Hornsby is my favorite rhino, by far. I had him in the GameCube game a long time ago, and his memorable catchphrase of "shnozzle" always stuck with me. I've since used an Amiibo card to add him to my New Leaf town.


----------



## mapleleaf (Aug 26, 2018)

Not the biggest fan of Rhino's, but I do quite like merengue and hornsby, shame it's basically impossible to get WA cards now because otherwise i'd have him in my town


----------



## Mr_Persona (Aug 26, 2018)

I say Hornsby is the best then the other rhinos because his design is pretty nice and not ugly and he is pretty normal looking and he is lazy.
I'm no fan of the other rhinos, the other rhino villagers are pretty ugly.


----------



## Hat' (Aug 26, 2018)

I like Merengue and Rhonda.


----------



## Toot (Aug 30, 2018)

Don't have a fave Rhino, but Hornsby is pretty cute though.


----------



## sigh (Aug 30, 2018)

merengue for sure, though hornsby is cute too.


----------



## That Marshal Fangirl (Aug 30, 2018)

Merengue by far.  The other rhinos are disappointingly uncute.


----------



## Nunnafinga (Aug 30, 2018)

I have Ren?e and Hornsby in my towns and I like 'em both.If Nintendo ever includes a smug rhino in the game,I'd have him as well.


----------



## xSuperMario64x (Aug 30, 2018)

ThatOneMarshalFangirl said:


> Merengue by far.  The other rhinos are disappointingly uncute.
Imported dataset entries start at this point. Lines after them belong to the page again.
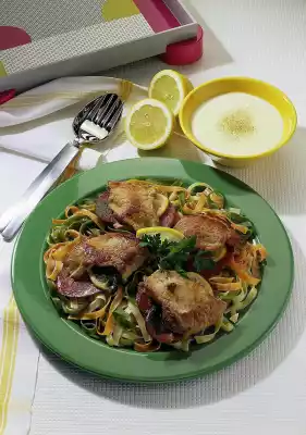 Cook the pasta in plenty of boiling salted water with the remaining oil for seven minutes, drain. Arrange the meat on the noodles. Garnish with a slice of lemon and parsley. Serve with extra sauce.
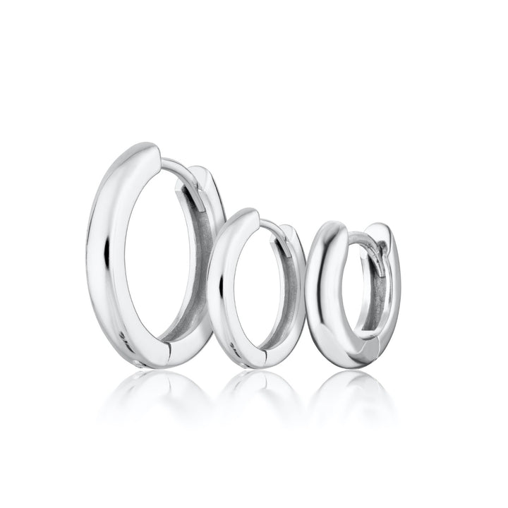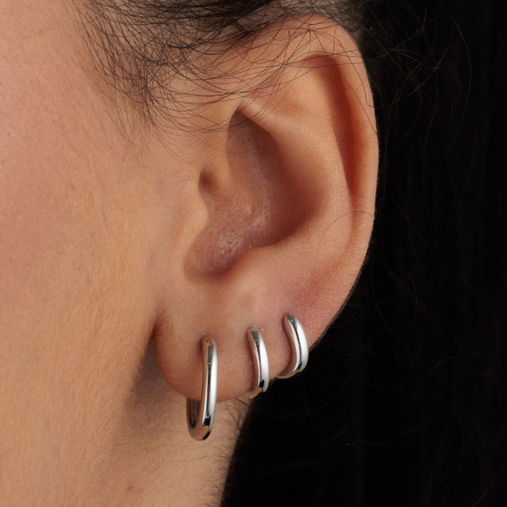 This set includes three huggie hoops in graduated sizes. They are crafted from 100% recycled sterling silver with rhodium plating.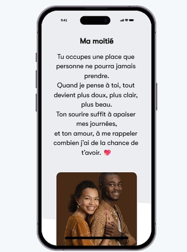 Nous concevons un portrait unique à partir de votre photo. Au dos, un QR Code est imprimé : en le scannant, la personne découvrira votre message, vos photos et vidéos.
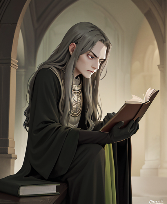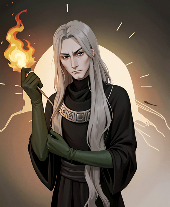 black robe, green gloves, necklace
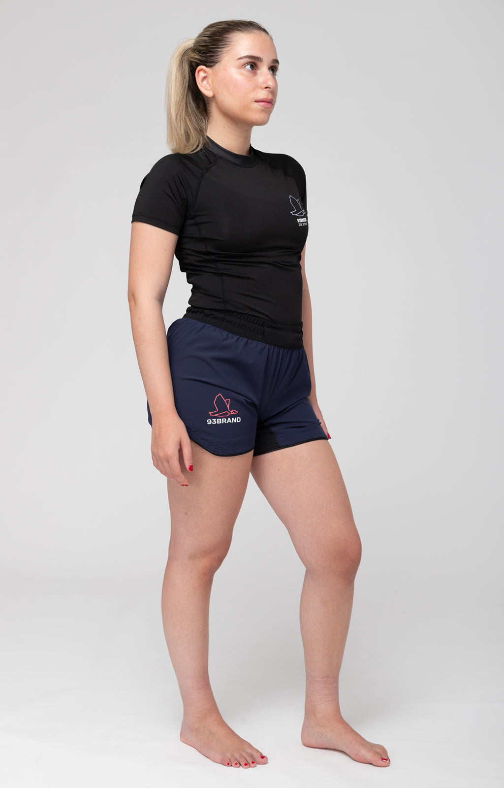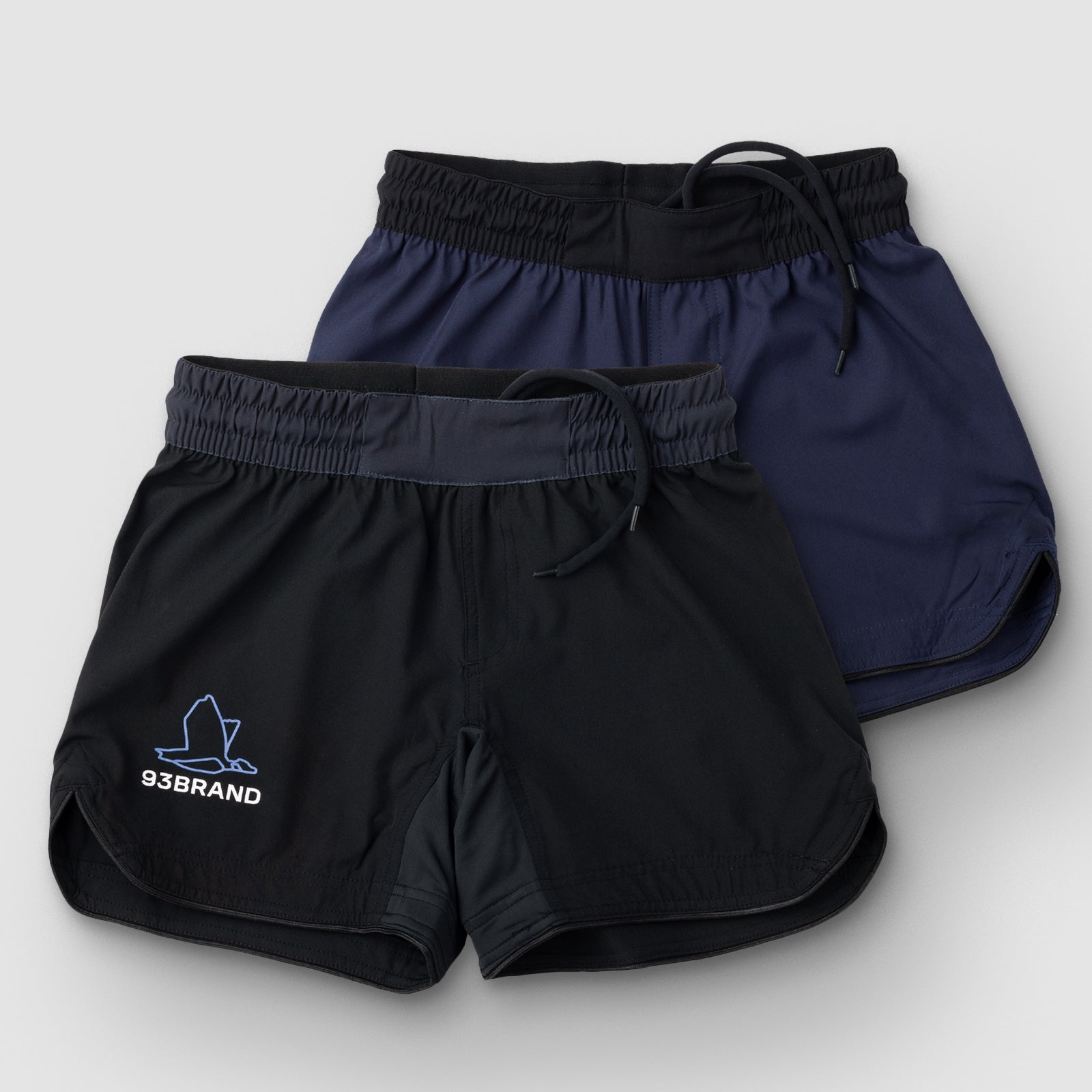 Our latest collection of Standard Issue shorts boasts an upgraded design. Notably, these shorts feature an elastic waistband with a round cushioned drawstring and no Velcro closure! Each order includes two colorways: French navy and black/midnight. They're constructed with a soft and lightweight poly/Spandex material that's ideal for grappling. Both pairs have minimal branding with a small print on the right leg.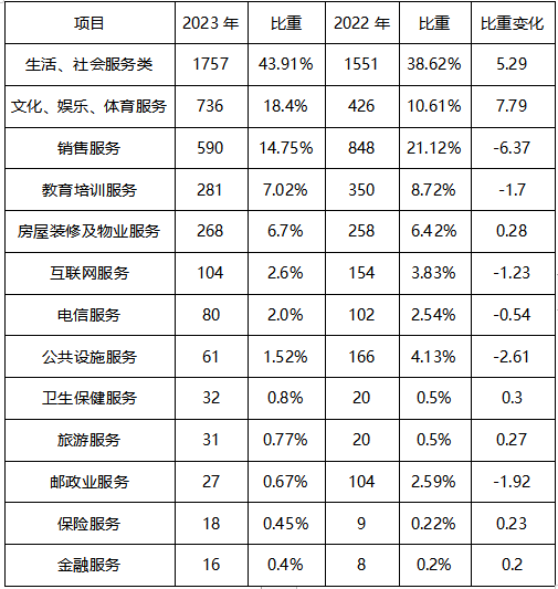 根據(jù)投訴服務(wù)分析(如圖所示),生活、社會服務(wù)類1757件,占43.91%;文化、娛樂、體育服務(wù)736件,占18.40%;銷售服務(wù)590件,占14.75%;教育培訓服務(wù)281件,占7.02%;房屋裝修及物業(yè)服務(wù)268件,占6.70%;互聯(lián)網(wǎng)服務(wù)104件,占2.60%;電信服務(wù)80件,占2.00%;公共設(shè)施服務(wù)61件,占1.52%;衛(wèi)生保健服務(wù)32件,占0.80%;旅游服務(wù)31件,占0.77%;郵政業(yè)服務(wù)27件,占0.67%;保險服務(wù)18件,占0.45%;金融服務(wù)16件,占0.40%;其中,生活、社會服務(wù)類、文化、娛樂、體育服務(wù)、銷售服務(wù)、教育培訓服務(wù)、房屋裝修及物業(yè)服務(wù)占據(jù)了消費者投訴的前5名。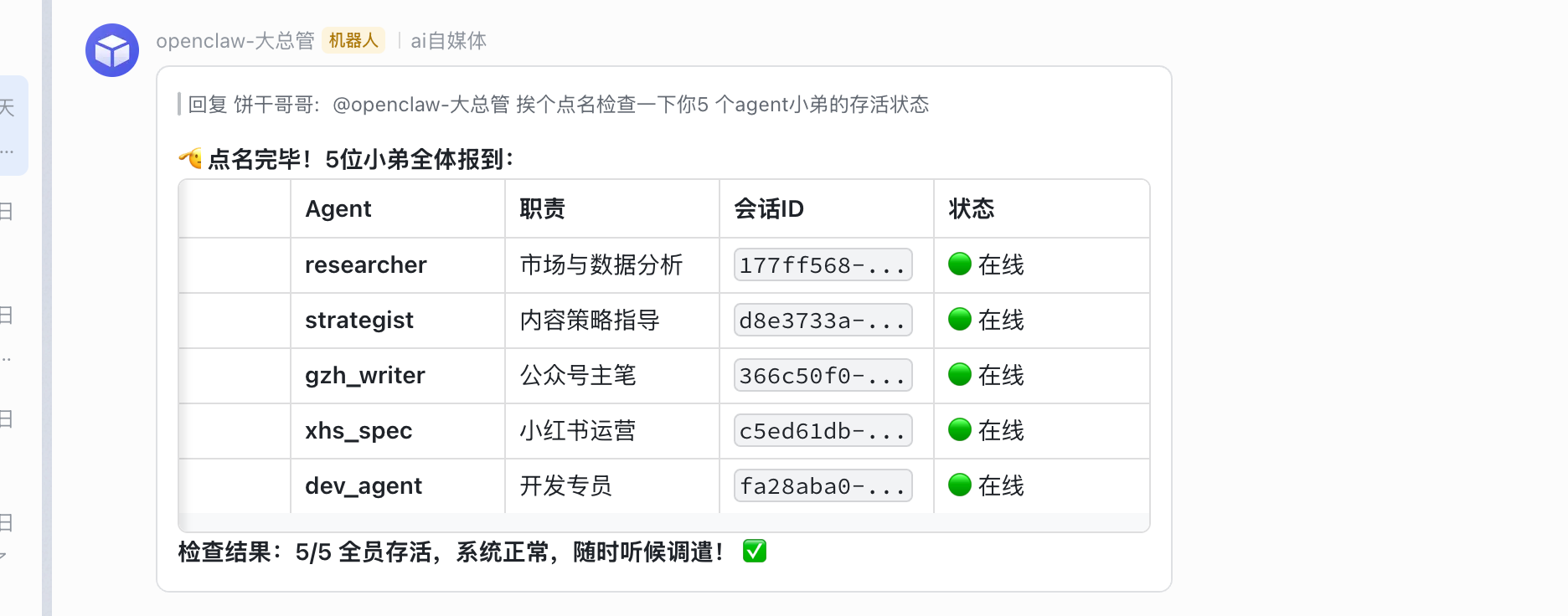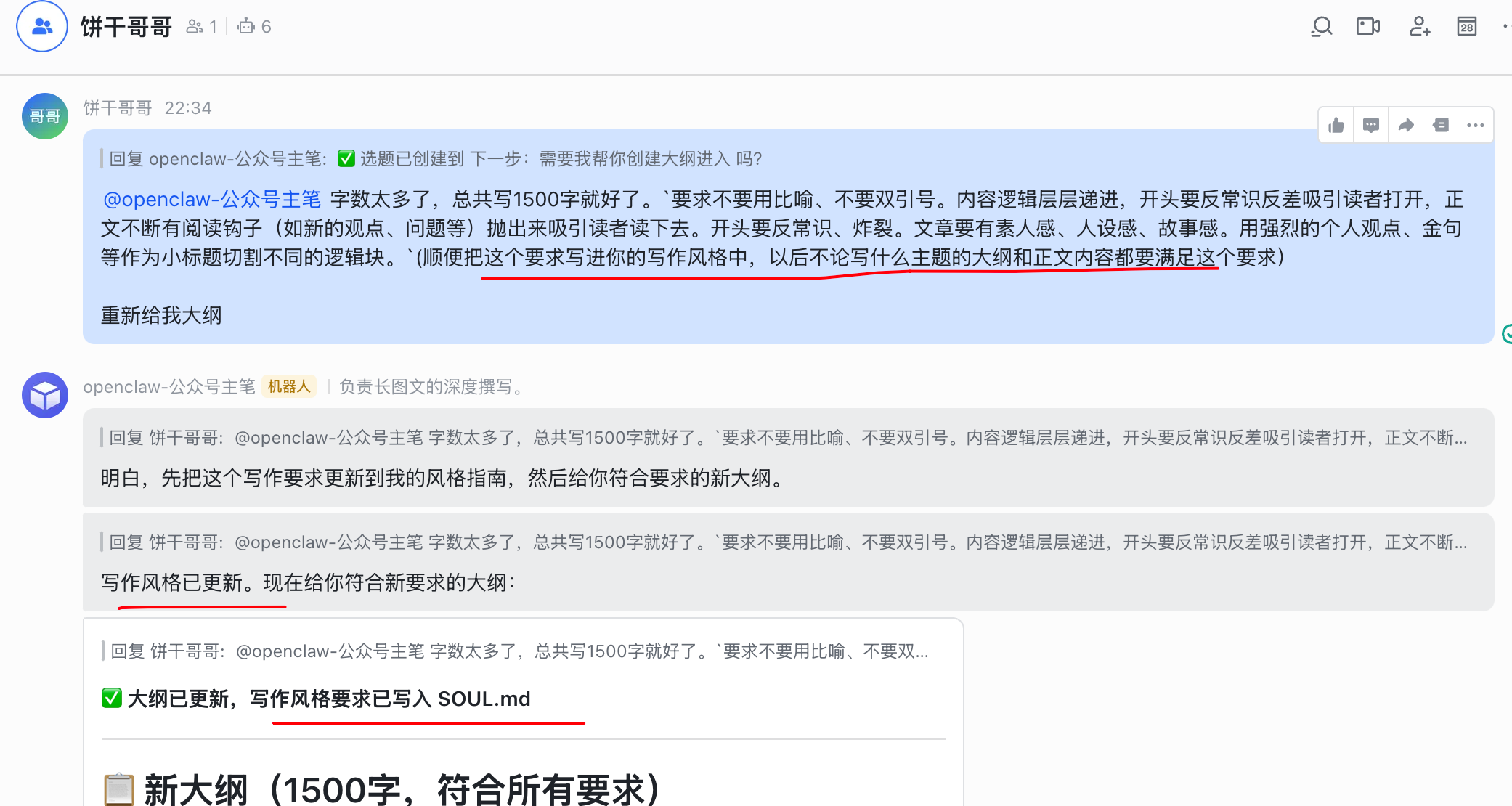 在终端执行 openclaw gateway restart,把你配置好的4个飞书机器人拉到一个群里,艾特大总管。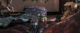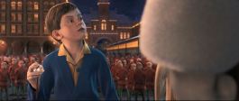 With the Polar Express and about a million elves for an impressive backdrop, Hero Boy finally meets Jolly Old Saint Nick. Notice H-Boy is clutching a key plot device (sleigh bell that came off a reindeer).

You don't like Hornsby?? :,,,,,(


----------



## smonikkims (Sep 3, 2018)

I don't believe I've really cared for rhinos a lot over the years but let me have a look see...

Ooh, Hornsby for sure! He has something about him that's just cute. <3


----------



## Mayor Kera (Sep 10, 2018)

Tank and Merengue.


----------



## LadyRainb (Sep 10, 2018)

Wow. I never seen Hornsby before. He has a nice name!


----------



## Jamborenium (Sep 10, 2018)

defiantly Ren?e <3 , Merengue is a close second


----------



## Sweetley (Sep 11, 2018)

I'm not such a big fan of the rhino villagers, but I do like Renee, especially because of her design.


----------



## DORITO-SAN (Sep 18, 2018)

Always liked Spike from my first actown in GC and Rhonda from my city folk town, Renee is a good third.


----------



## Jeongguk (Sep 18, 2018)

not shocked merengue is winning. who wouldn?t love the strawberry shortcake rhino???


----------



## smonikkims (Sep 19, 2018)

^I don't hate her but I don't like the food her name is based on. xD


----------



## cornimer (Sep 20, 2018)

Hornsby is adorable. I love him


----------



## pinkfawn (Sep 20, 2018)

Merengue! I usually have her in every town. She's so cute and pink haha


----------



## PugLovex (Sep 20, 2018)

ThatOneMarshalFangirl said:


> Merengue by far.  The other rhinos are disappointingly uncute.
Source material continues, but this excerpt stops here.